Speaking of the world. Well, we're in an interesting space here. Humanity is out of the bottle, in ships that can leap between solar systems, looking for any of its own. They're looking on planets that were scheduled for colonisation before the collapse of civilisation on Earth put a damper on things. Post-recovery, we're once again out here causing trouble. Though now we're doing it with friends, including sentient spiders, octopi, and bacteria which can absorb personalities and craft bodies and take them for a ride. It's an absolutely wild space, and one that's about to get even stranger. There's two major pieces of setting at play. One is a colony, populated by humans, whose past history we're slowly exposed to over the course of the book. A hardscrabble world on the bare edge of possible survivability, and a crew struggling to make things sustainable while thawing out the frozen sleeper cargo they brought with them gives things a terrifying frontier feel. The blend of the high tech and the low, the struggle at the edge of survivability, gives the setting an immediacy and a power it's hard to overemphasise. You can feel for these people, scrounging out a life from soil they have to make live for them, while overhead a sleeper ship circles in high orbit. And then, well, then there's the birds. Survivors of a research and terraforming team gone horribly wrong after collapse, evolving under pressure into duos that between them manage a convincing appearance of sentience, but individually definitely aren't. As characters they're fantastic, and I'll chat a bit more about that in a second, but wanted to say that the history of these duos, the desperation of a team trying to build something from the wrong side of societal collapse, that history is fantastic, Vividly imagined, authentically described, laced with the emotion and passion and horror that makes for authentic life.
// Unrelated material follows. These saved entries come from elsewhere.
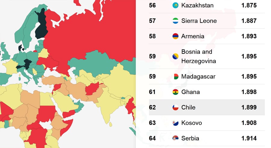 Ցանկի 58-րդ տեղում Հայաստանն է, 95-րդ տեղում՝ Ադրբեջանը, 109-րդ տեղում՝ Վրաստանը, 142-րդում՝ Իրանը, իսկ Թուրքիան զբաղեցրել է 146-րդ տեղը։
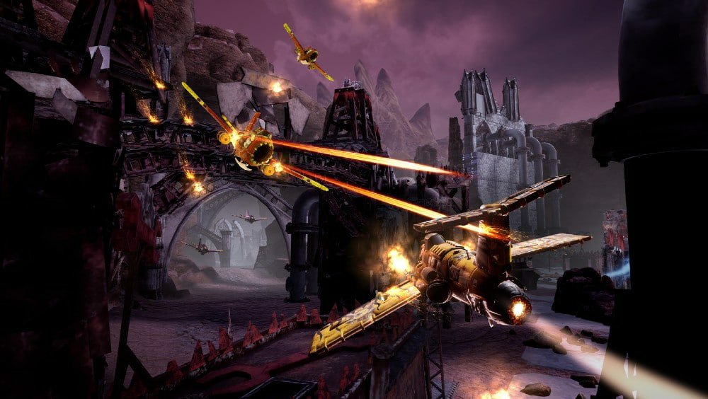 We wanted to keep the game close to the ground to capture the feel of ork flyers zooming across a battlefield. This means that you’ll have plenty of obstacles to fly around to get enemies off your tail and that you’ll have plenty of interesting flying moments as you zoom through imperial ruins, red rock canyons, and lava caves.
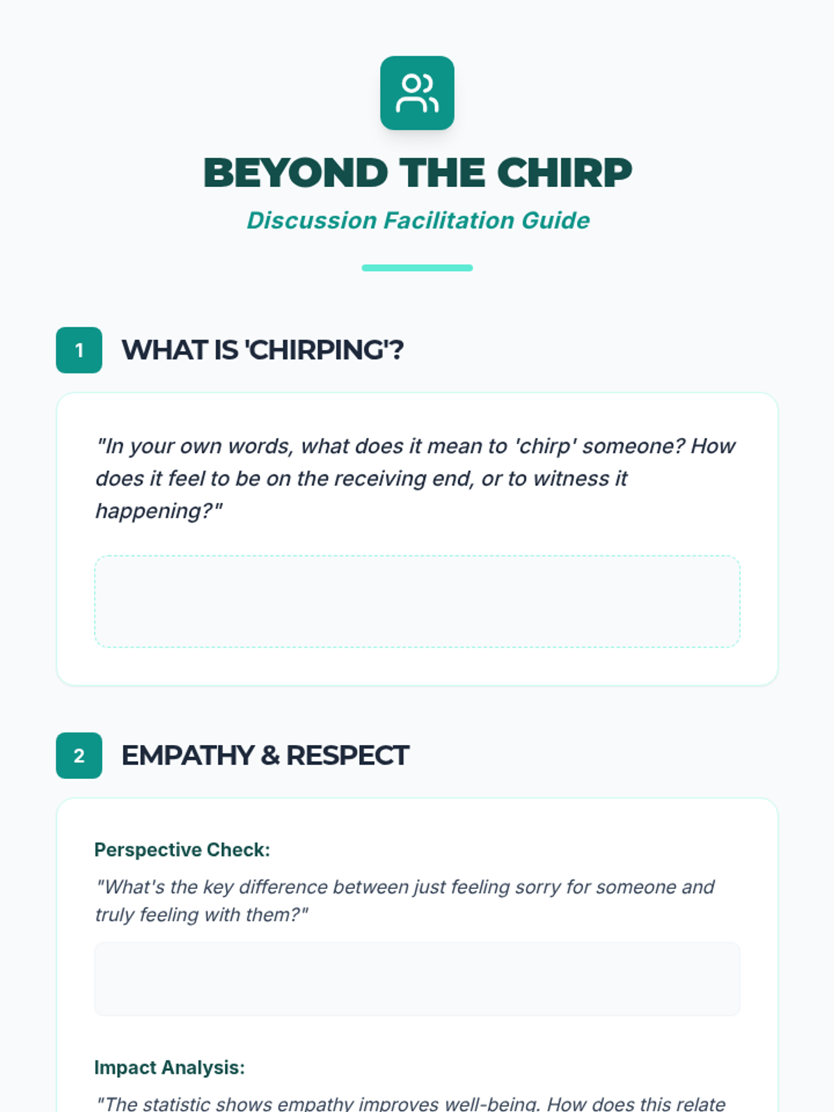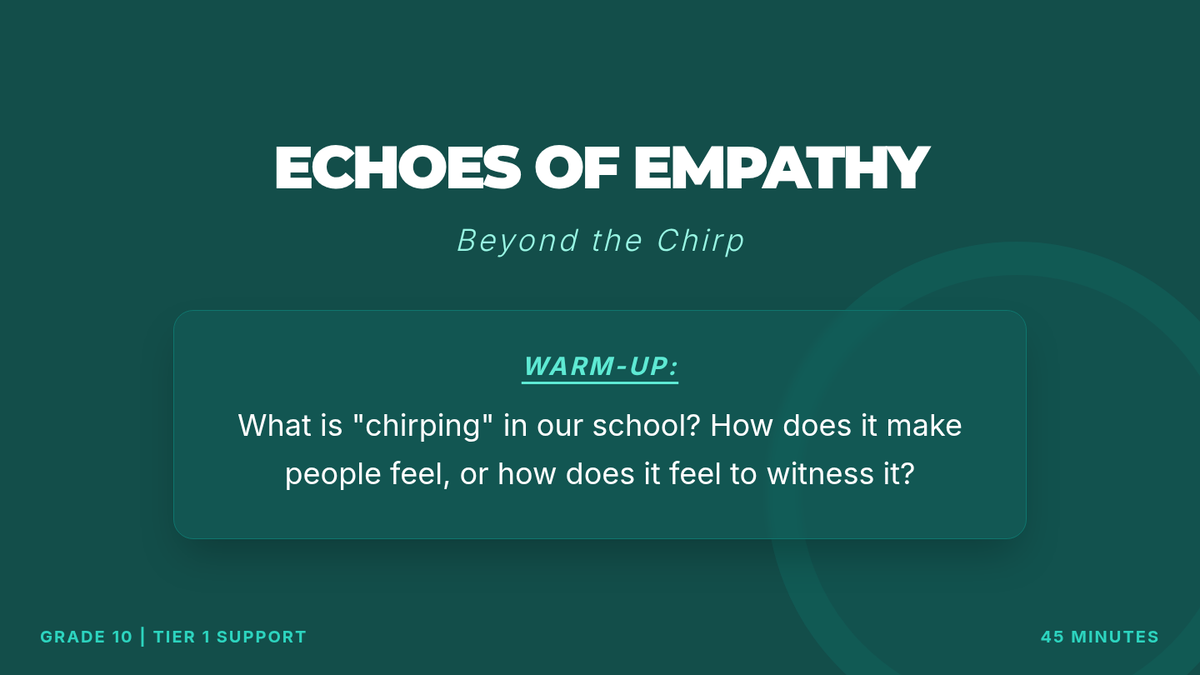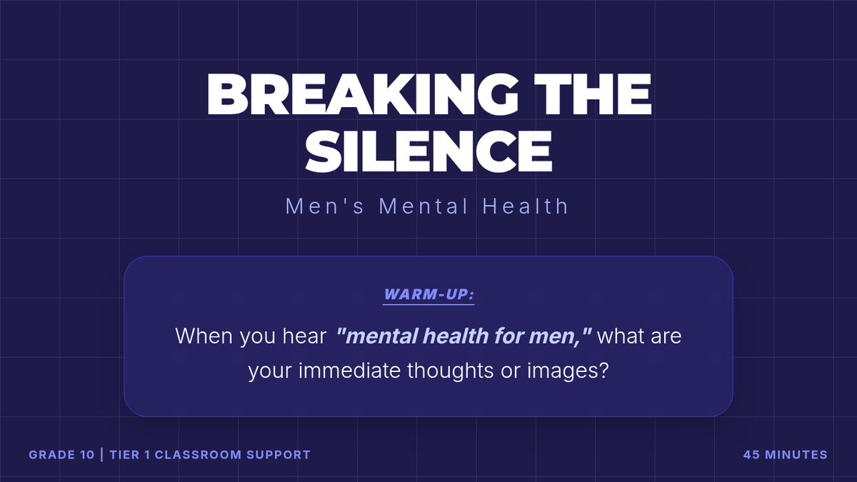 A three-part sequence for high school sophomores designed to cultivate empathy, reduce 'chirping' behavior, and break the stigma around men's mental health. Students explore perspective-taking, the power of words, and self-care strategies.

The characters match that feeling actually. There's the captain of the slow seed ship, desperately trying to pull tech and crew from the shattered remnants of his craft, and build a civilisation back up from nothing. Surrounded by his command crew and survivors, you can feel the pressure on them all, you can feel the passion and energy that animates a people who know that their survival is not guaranteed. Who know that the survival of everyone after them is not guaranteed. Who know they have to build something. They're people, top to toe. But the same is true of the ravens, talking to each other and construction their discussions with other people in terms of cultural references and constructed meaning. They're people, even if they're different. And the people of our future, the octopi and the living gestalts and the spiders and the humans learning to be better. They're all people, even in they're not all humans. And the differences of their lived experience are often, though not always subtle. And it's amazing how they all feel like people, but they also feel strange. But they feel genuine, and that's what matters - the experiences are comprehensible but different, and that's sometimes hard to get used to, but it's also an absolute delight. These are living breathing real people, they're just different to us, and how we expect to be. But they're amazingly well realised, and great fun to read.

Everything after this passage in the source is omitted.